I don’t have an optimizer. Everything is coded manually using pytorch, perhaps even using a custom optimizer.
To answer your questions directly, I honestly don’t know if your suggestion works the way I want or not (hence my question), it looks essentially the same to the pseudocode that I suggested. My issue is when i % 100 == 0 is true, how do you know that those operations done by some_function won’t be take into account on the next iteration when loss.backward() is called. The reason I suspect it will affect the backward pass is because its modifying the model (or at least it should be in the context of the cases I find problematic). If I am wrong then your example might be enough! Do you think it solves that issue? i.e. that it does not include the operation as part of the computation graph?
Lets take the simplest example I can think of. We train a mdl for T iterations. After that we perturb the model with some noise that is dependent on the norm of the weights/params. Thus, the noise would be a function of W. However, I don’t actually want the framework/engine to take a derivative wrt to the added noise, I just want to train with some algorithm, then perturb it and then train again for another T. In pseudocode:
mdl = mdl + GaussNoise(0,0.25*mdl.W.norm(2)) # defintion of Op(mdl)
mdl.zero_grads() #hopefully this is the line that avoids that Op(mdl) is included in the backward pass
does it make sense in the context of this example at least?
As far as I understand, what Simone said is correct: the computational graph only considers operations between Variables and you are creating a new graph every iteration, since when you instantiate new Variables at the beginning of the training iteration, so it should be fine. Also, if you operate directly on the weight’s tensors (weight.data), it should not be included in the graph.

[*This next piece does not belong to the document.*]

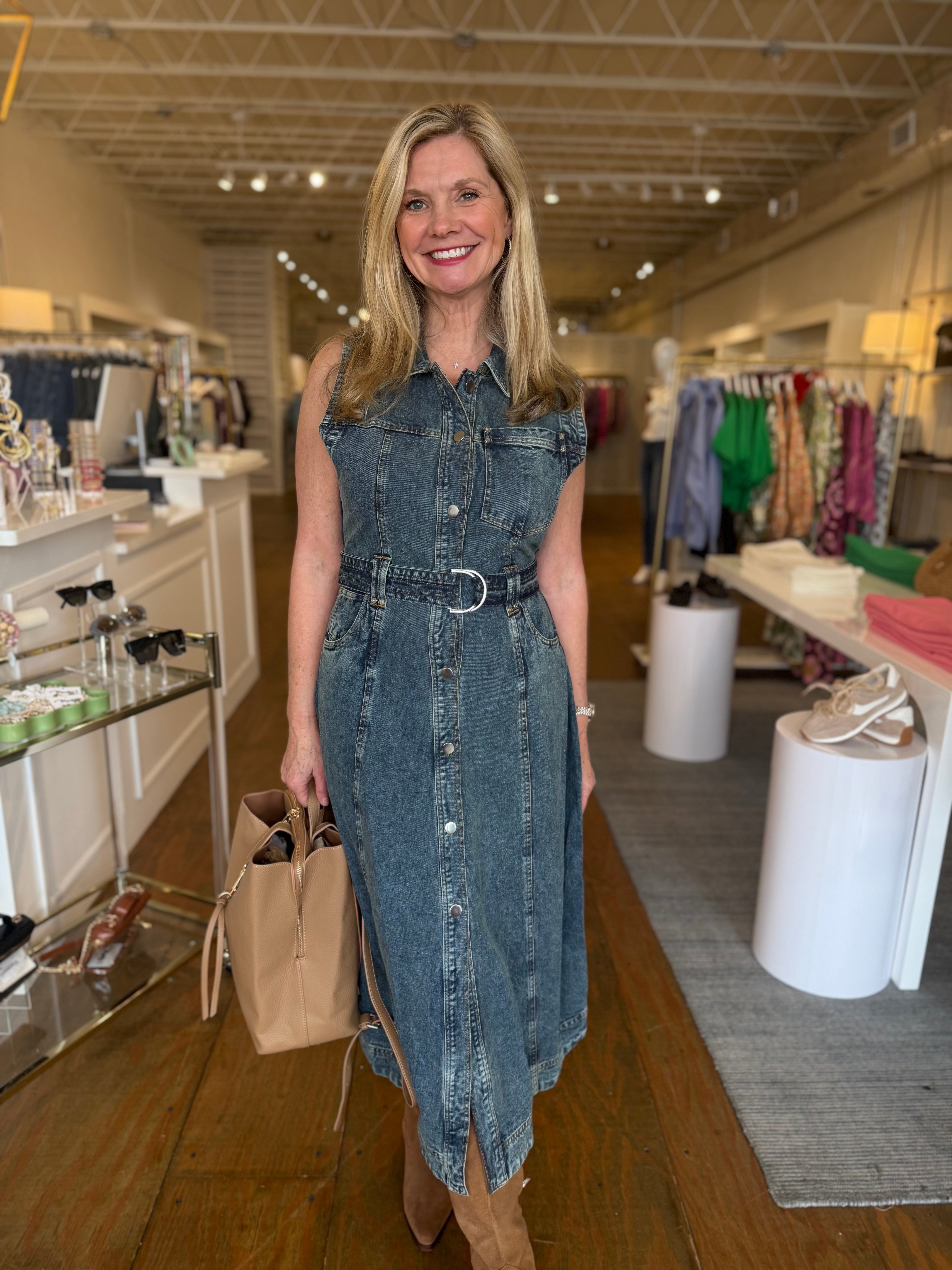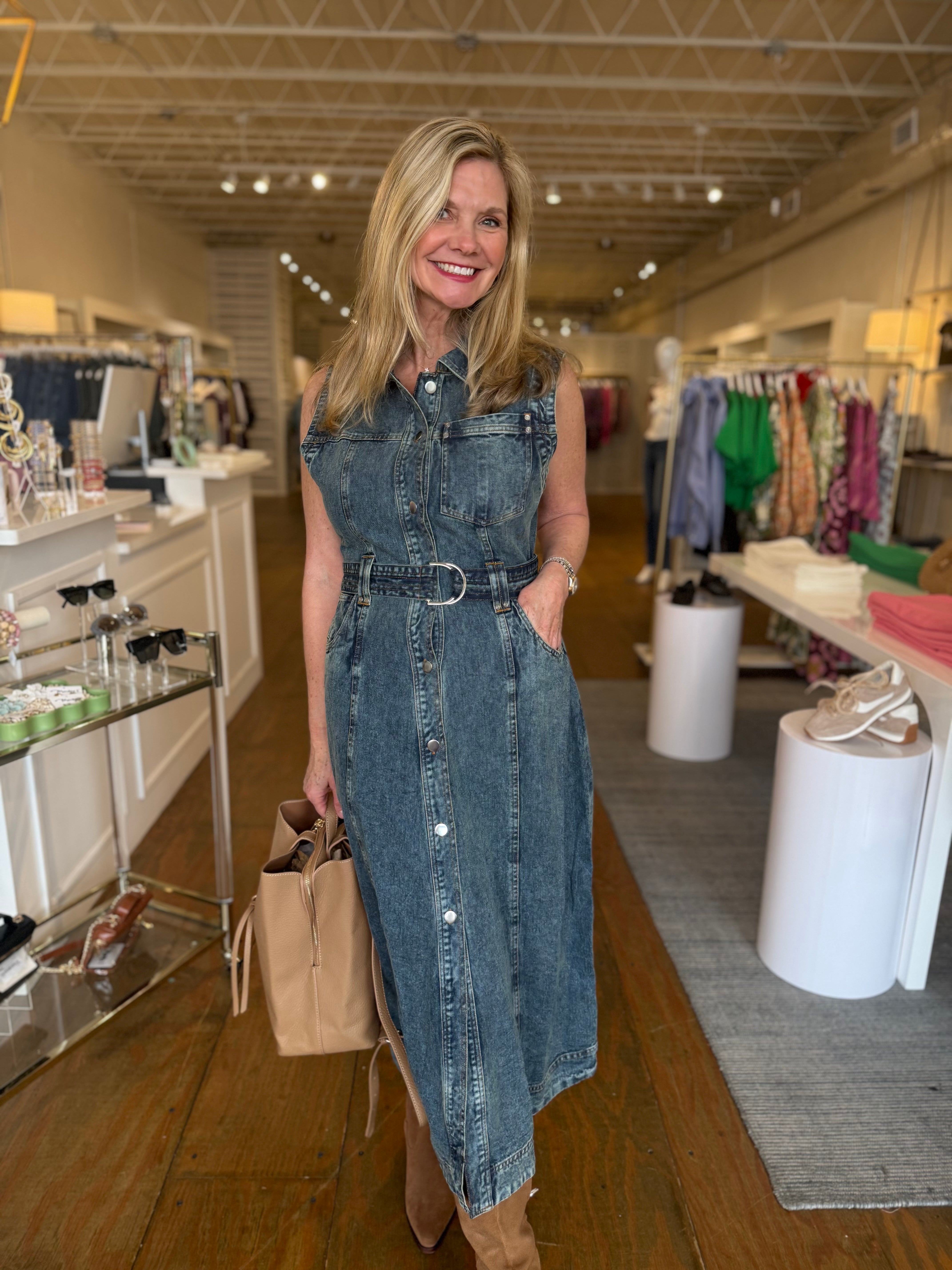 DENIM SLEEVELESS DRESS, DENIM WASH

Taking your last example, I think you should change it to use W.data property if you want to be sure. Also, I don’t think mdl.zero_grads() is doing anything where it is, because you haven’t called backward() yet to calculate the gradients anywhere. However, you should make sure train_for_T_iterations function does call zero_grads() before calling backward(), but I believe you are already doing it, otherwise you would be always considering the past iterations’ gradients.

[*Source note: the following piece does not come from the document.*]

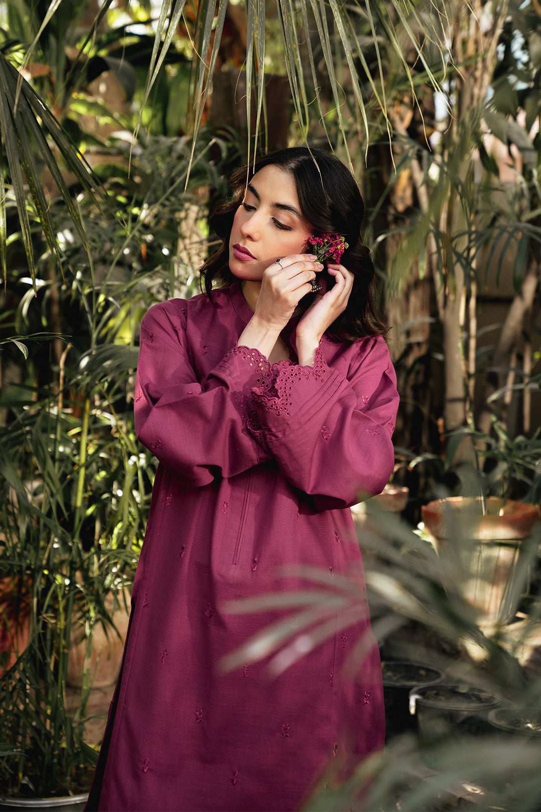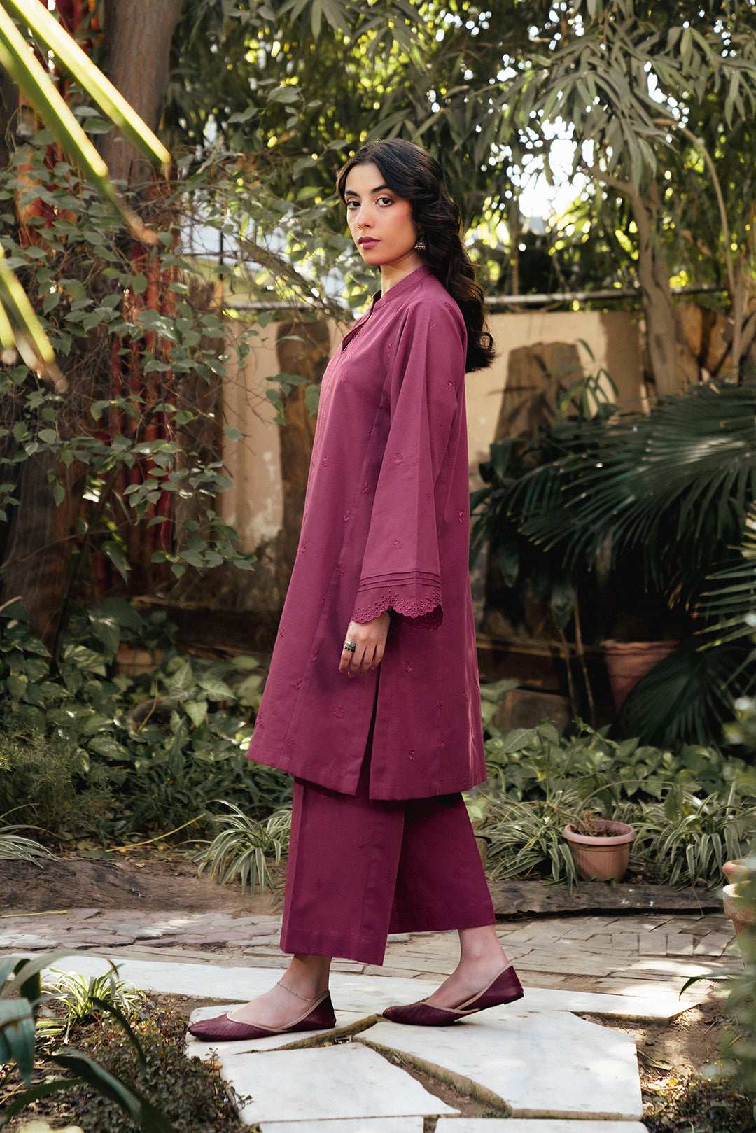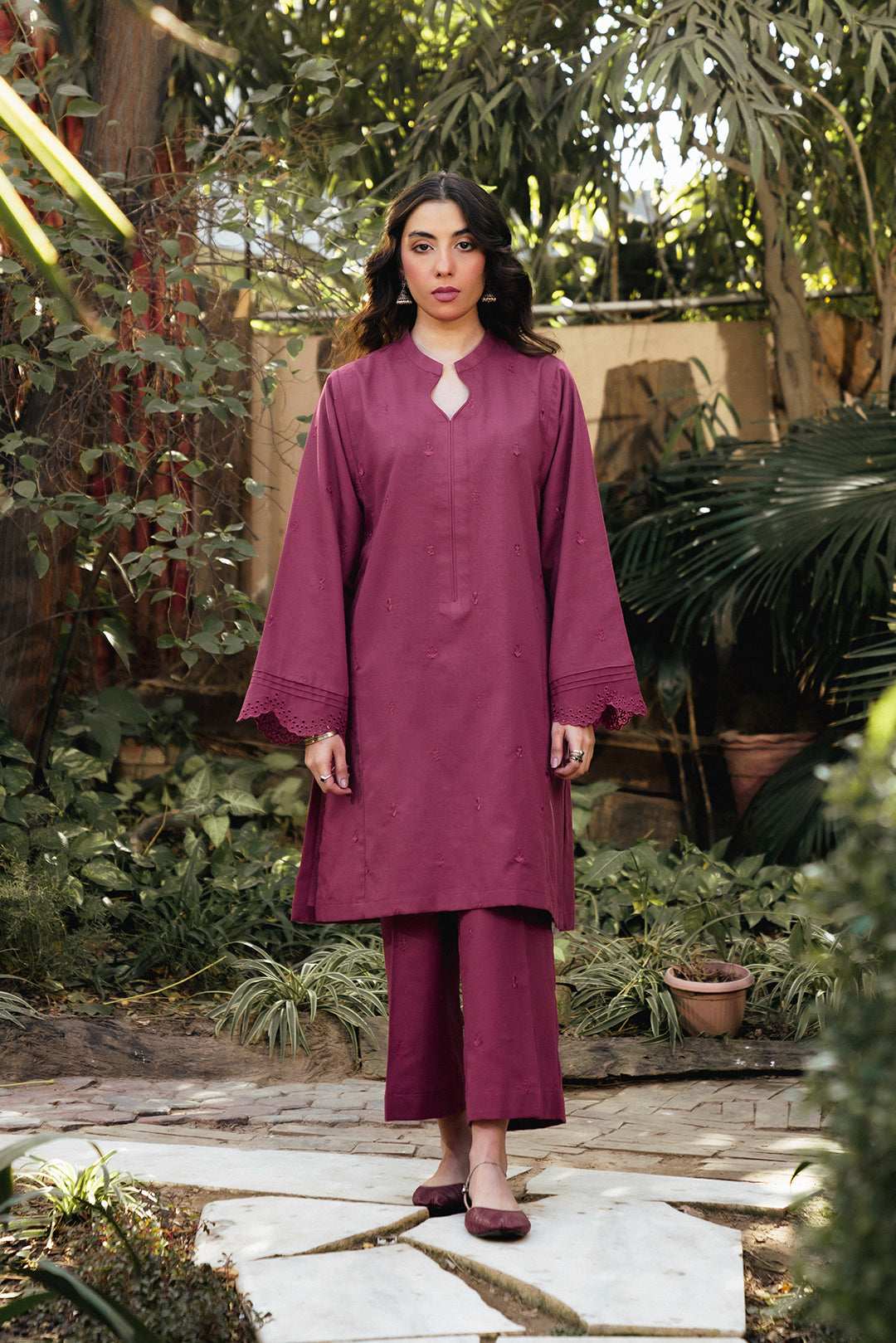 Muted pink khaddar 2-piece with minimal embroidery. A perfect blend of elegance and comfort for casual wear.

Actually, do you mind spelling out one detail that is particularly confusing to me? When we loop and do SGD, when exactly are new computation graphs created? I think thats the part that is confusing to me and even made me post the following question:
however it seems that the answer to is is just “acting on mdl.W.data does not add things to the computation graph”. Then when is the computational graph formed?
Actually, to make it clear this is the code I plan to run:
for i in range(nb_iter):
# Forward pass: compute predicted Y using operations on Variables
batch_xs, batch_ys = get_batch2(data.X_train,data.Y_train,M,dtype) # [M, D], [M, 1]
## FORWARD PASS
y_pred = mdl.forward(batch_xs)
batch_loss = (1/M)*(y_pred - batch_ys).pow(2).sum()
## BACKARD PASS
batch_loss.backward() # Use autograd to compute the backward pass. Now w will have gradients
## SGD update
for W in mdl.parameters():
delta = eta*W.grad.data
W.data.copy_(W.data - delta) # W - eta*g + A*gdl_eps
## Manually zero the gradients after updating weights
## DO OP that should NOT be part of the computation graph
if i % 100 == 0:
in the above code when exactly is a new computation graph created?
Am I right to assume you are getting your data wrapped in Variables when you call get_batch2?
As far as I understand, a new computational graph is constructed when you instantiate new Variables (leaf variables) and do operations on them. Everytime you reuse the variable names, you get new objects and, hence, a new computational graph will be constructed to record the operations you are executing.